Now, sure, if there was just 1 or 2 spiders, a 5 sec waiting time would be okay, but figuring there could be as many as 20-30, I need to cut it somehow.
Is there a way to optimize them or at least run them all at the same time? Should I switch from ASP to another programming language?
//ZS
What is actually happening is that:
1) You request the page from your server.
2) This in turn makes several requests to various other web pages, presumbly sequentially.
3) Your server then processes and combines the fetched pages into a single web page.
4) The final page is then returned to your browser.
I would say that its not the fact that ASP is slow (it isn't that slow). The delay comes from stage 2 - accessing several other pages which always takes at least a second. The fact you are accessing several sites multiplies the time factor.
What I would suggest you do is cache the data you retrieve, and only update this cache once per hour, for instance. Visitors to your site will only experience a delay the first time the data is retrieved. After that, the page should be delivered almost instantaneously.
HTH,
JP
I'm currently building a comparison site, but most of the data is provided by the suppliers as CSV files or I use a crawler that gets all the prices each night. If the prices in the market you are targetting don't change during the day then this may be a solution to improve access times.
Ah, thanks, but it'll still be very slow with displaying the uncached results. I mean, if nobody waits 2 min, no results will get cached :)
Well what I would do is:
1) Hold results in cache
2) Everytime the page is accessed,
a) display the results from cache.
b) check to see if the cache is still "current", e.g. last cache update < 60 minutes.
c) If not, then update cache time to current time.
d) Run procedure to fetch results from external sites and update cache.
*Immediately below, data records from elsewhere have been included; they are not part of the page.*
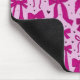 Coquette and whimsical mousepad featuring hand drawn illustration of magenta bows and heart pattern.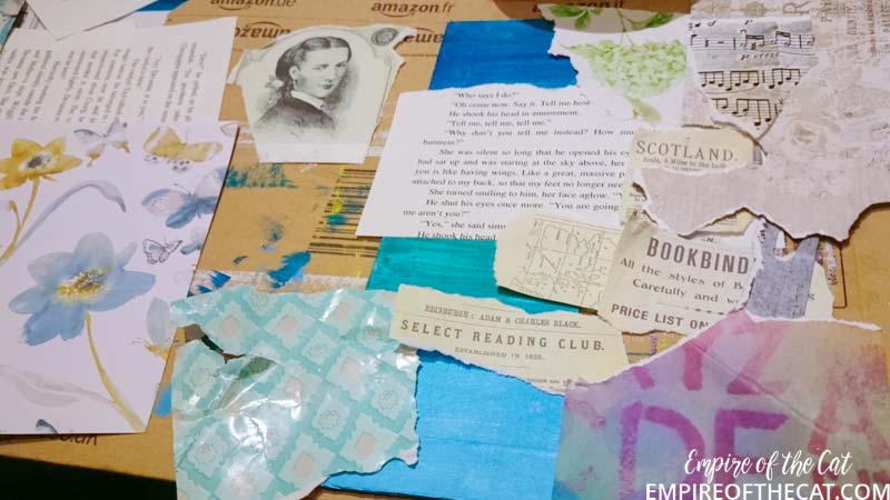 It was then time for a bit of collage, so I pulled out some bits and pieces of paper scraps that might work with the colour palette and the book theme.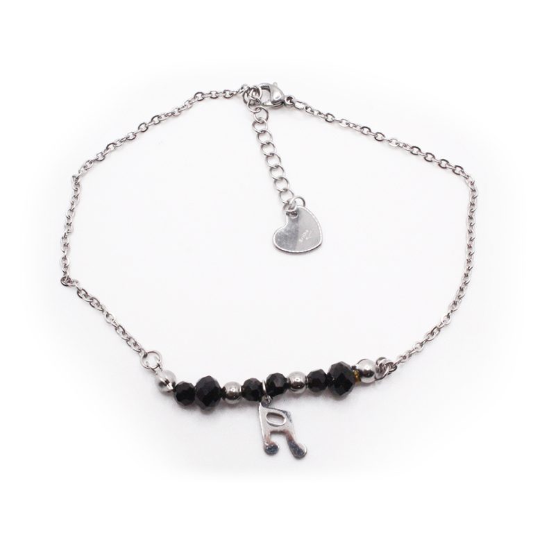 Tobillera de Acero Colgante Plateado Nota Musical, Esfera Negro Medida 26 cm – 8050026

Doing it like the above would mean that subsequent accesses during the 2 minutes update time would deliver the old results, but would not fire off the fetch-results-update cache procedure again. Then once the procedure has finished getting the results, the cache contents will be updated. Just remember to set the script timeout setting to a high value!
JP
Thanks for the help tho, this got me thinking :)
//ZS
It's made for this sort of thing. You could probably use a counter to keep track of how frequent you access certain pages, and if that count passes a threshold, you tell CURL to save it into a file, or maybe put it into a database.
One handy thing about it is that you can tell it to retrive X to Y bytes from a page, so say if you wanted the footer of this page, you would tell it to grab the last 1000 bytes or whatever.
Might speed up the fetching processs a little, it's a good tool to have anyway :)
As a start, think about calling one script which then calls individual scripts for each site. Then have the first script monitor these child scripts to see when they complete and then return the results.
There may (hopefully) be someone else on the board that can give more ideas.
As far as I'm aware it's impossible, though I'd love for someone to tell me I'm wrong!
ASP runs things only sequentially. It executes line by line, awaiting the previous "command" to finish before starting the next one.
The only thing that might side-step this is an extra server component which allows multi-threading calls. I've not seen one yet though :( .NET supports multithreading as standard from what I can gather.
The alternative (if you are running your own server, or your hosting company is willing to install things for you) is to roll your own component which should be able to work multi-threaded.
JP
First off you request the central script which then calls the sub scripts by doing a HTTP request as if it was a client. This is where the parrallel part comes in, at the webserver level rather than the script level. With PHP you could use fopen() for this, which I believe will return a file pointer as soon as the GET request is sent. I've not used ASP, but there should be a similar way of requesting a URL as a filestream.
Now you've sent requests to each child, which in turn have sent requests to the sub sites, you can get the output of each request in turn with a smaller delay in between them.
This is just theory, I haven't tried it out myself, but it sounds like it should be a way of absorbing the delay while the remote site sends data.